Planning for the future requires managers to become trend spotters in an environment in which the globalization of markets and the pace and scope of change make it hard for companies to follow rapid shifts in technology, processes and consumer taste. They must learn to identify discontinuous change. This provides an entirely new landscape for managers to navigate and only the trend spotters hope to conquer it.
Benjamin Franklin said it succinctly: “Look before, or you will find yourself behind.”
Identifying trends is a neat way to synthesize consumer behavior, help eliminate uncertainty and identify new opportunities.
In the 1980s, the most significant trends were increasing competition from all corners of the globe, greater demands for quality, shorter product life cycles, process improvement and the need to create an agile work force.

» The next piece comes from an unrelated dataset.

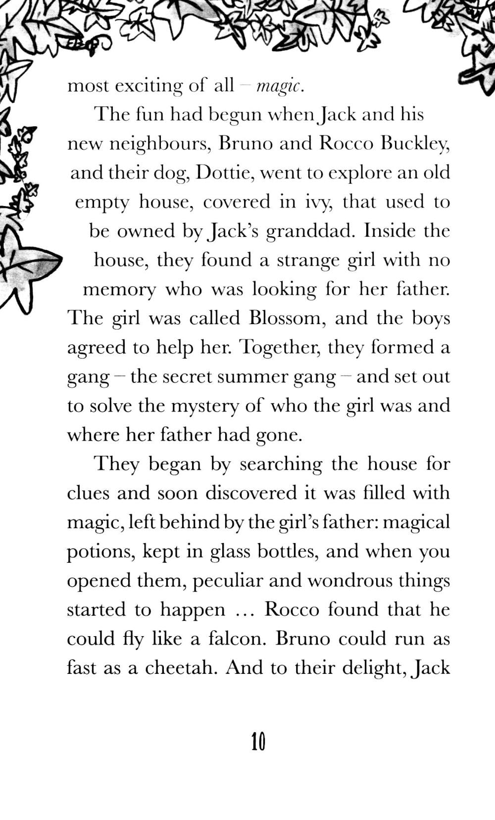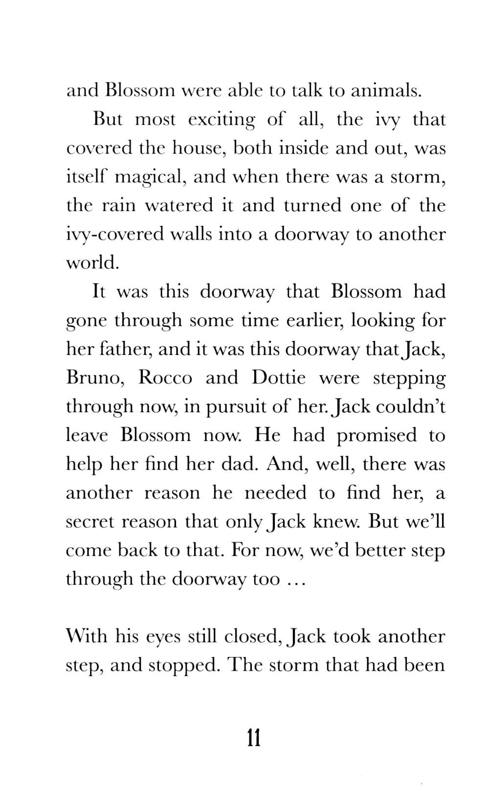 Everything changed the day Jack and his neighbours Bruno and Rocco went to explore the old empty house. There they discovered a strange girl called Blossom, who introduced them to a world of magic - talking to animals, flying like birds, and even... a doorway to another world, hidden within the ivy-covered walls of the old house. Now the gang have gone through the doorway, looking for Blossom's missing dad, the man who made the magic. But finding him will be just the start of the adventure, as Blossom's dad has a mission for the gang, and they're going to need all the magical powers they can get.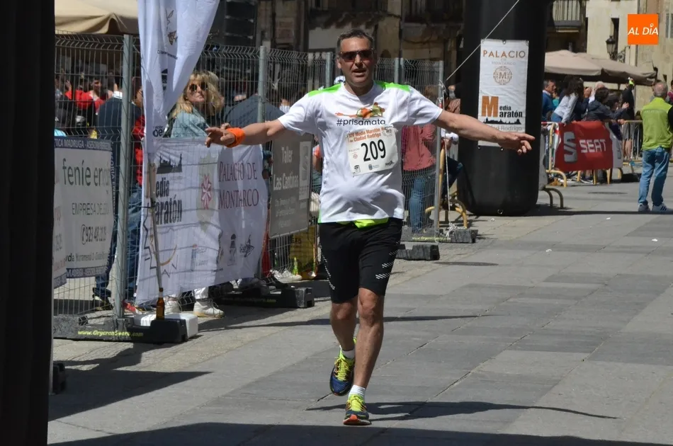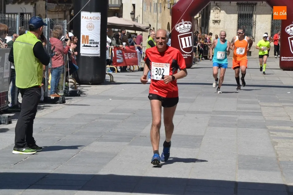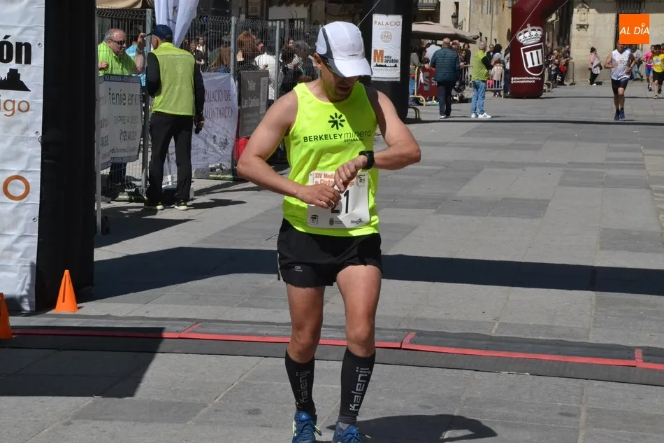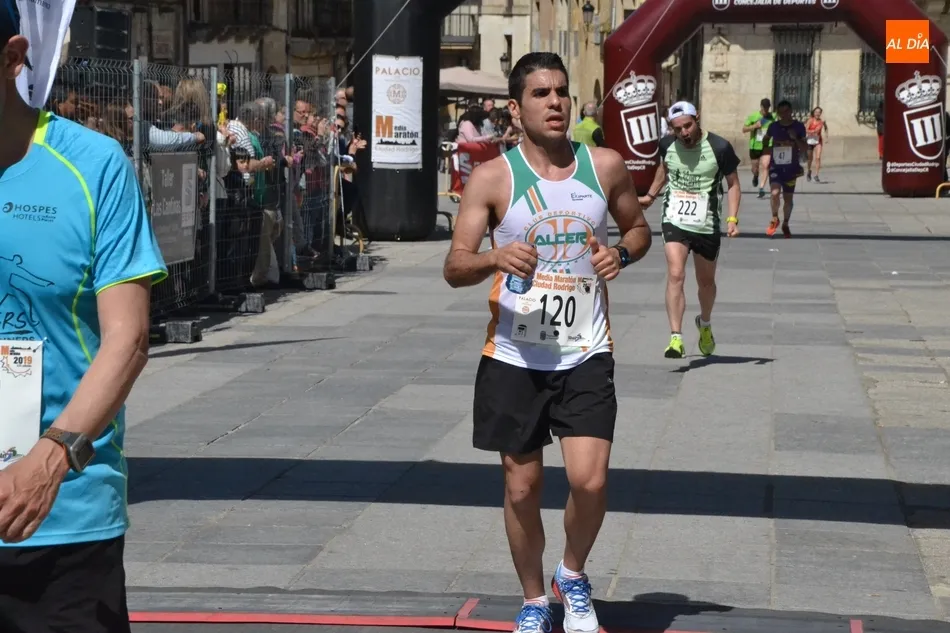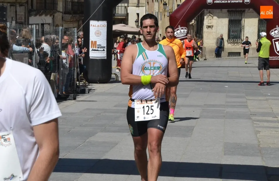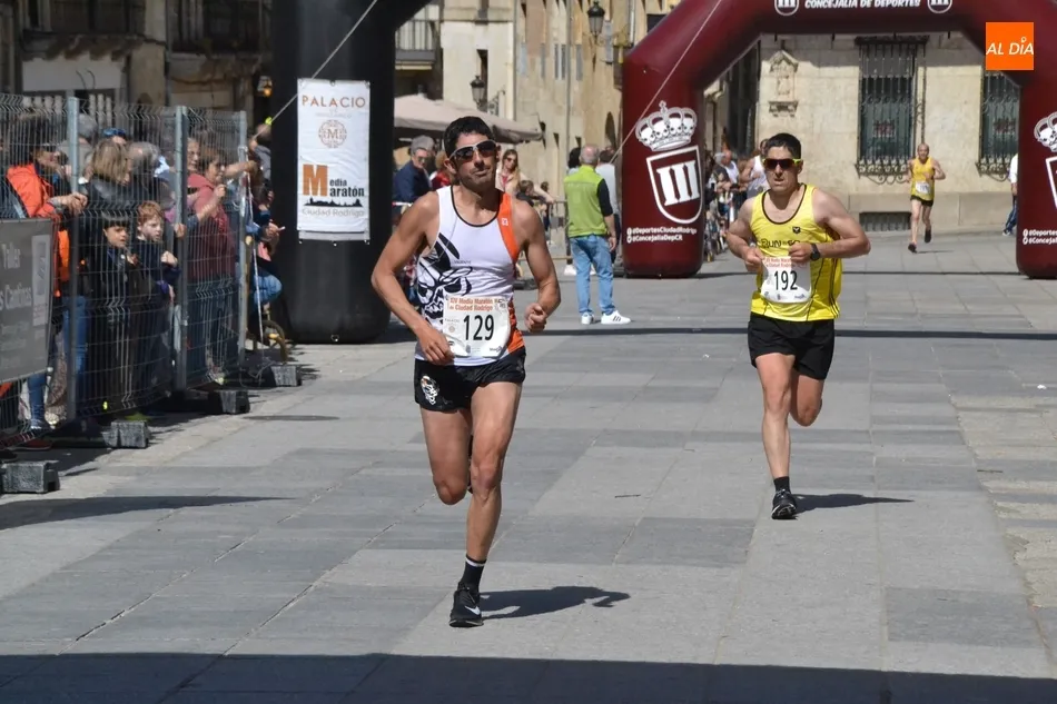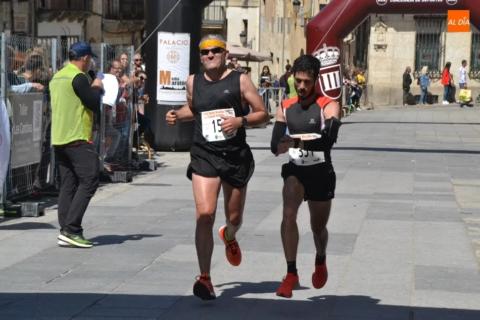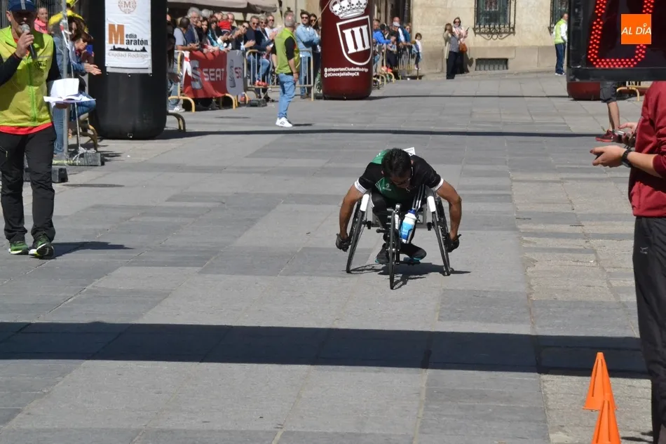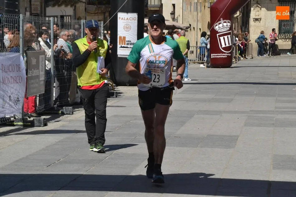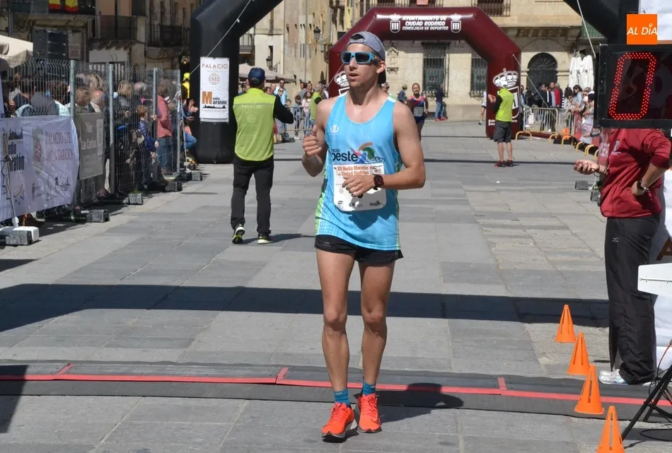 El primer atleta en hacer acto de presencia por ese ágora fue Alberto Marcos Rodríguez, del Vino de Toro-Caja Rural, quién tras haber firmado el año pasado la 3ª plaza, este año se aupó a lo más alto del podio, con un tiempo de 1h.09?27?. El granador le sacó ?un mundo?, casi 3 minutos, al segundo clasificado absoluto, Manuel Vicente Tejedor Morán, que entró en 1h.12?24?. Entre medias entró el único atleta en silla de ruedas participante, Vicente Martín Calvo, que completó los 21,097 kilómetros en 1h.11?49?.

What are the new trends today?
Most obvious is the Internet. With 50 million people connected in only five years, the Internet has become the fastest accepted communications medium ever. It is no longer just a data network; it’s a sales and distribution channel, and it has facilitated e-commerce, the ability to do business over the Web.
e-Commerce is enabling the integration of information industries – content, storage, networks, business applications and consumer devices – that have been isolated until recently. This integration is leading to industry convergence: the melding of consumer electronics, television, publishing, telecommunications, and computers for the purpose of facilitating new forms of value.